- Location: Stutsman County, North Dakota, USA
- Nearest city: Medina, ND
- Coordinates: 46°50′42″N 99°17′35″W﻿ / ﻿46.84500°N 99.29306°W
- Area: 160 acres (65 ha)
- Established: May 10, 1939
- Governing body: U.S. Fish and Wildlife Service

= Half-Way Lake National Wildlife Refuge =

Easement refuge in North Dakota

The Half-Way Lake National Wildlife Refuge is located in the U.S. state of North Dakota and consists of 160 acres (0.65 km^{2}). The refuge is a "limited-interest" refuge, which is privately owned easement refuge, managed by the U.S. Fish and Wildlife Service. The refuge is closed to the public and was established to protect habitat for migratory bird species and other animal life. Chase Lake Wetland Management District oversees the refuge, which in turn is a part of the Arrowwood National Wildlife Refuge Complex.

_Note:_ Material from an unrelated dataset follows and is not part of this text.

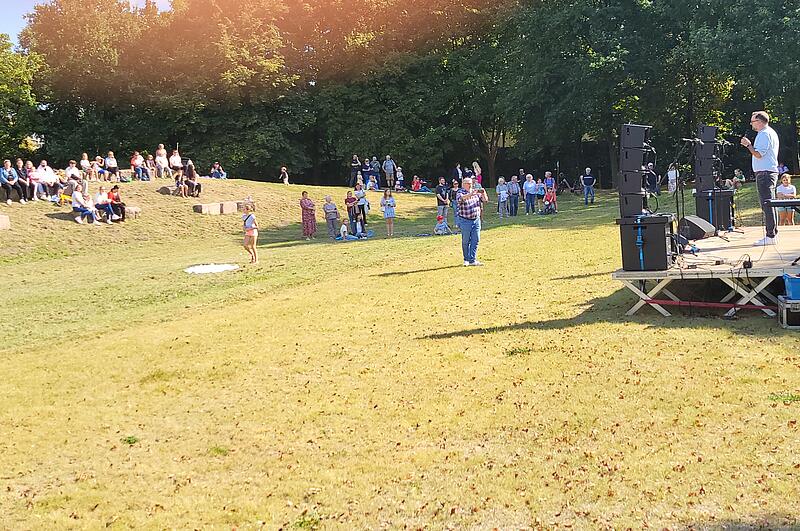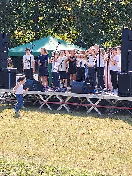 Der neue Park hat für Umweltbildung und Naherholung allerhand zu bieten: Bänke, die zum Verweilen einladen, Insektenhotel, Naschgarten, Klettersteine, Arboretum sowie eine Art Amphitheater. Es bot am Samstag die Bühne für musikalische Darbietungen der Grundschulkinder und junger Künstler aus der Gemeinde wie auch für die Grußworte von Marcus Hensing, dem Allgemeinen Vertreter des Bürgermeisters, und Mathias Middelberg (MdB).

This is a limited-interest national wildlife refuge. The FWS has an easement on private property allowing it to manage wildlife habitat, but the land remains private property. There is no public access except from adjacent public roads. Limited-interest refuges were created in the 1930s and 1940s in response to declining waterfowl populations and the need to get people back to work during the Great Depression. Many landowners sold easements allowing the federal government to regulate water levels and restrict hunting.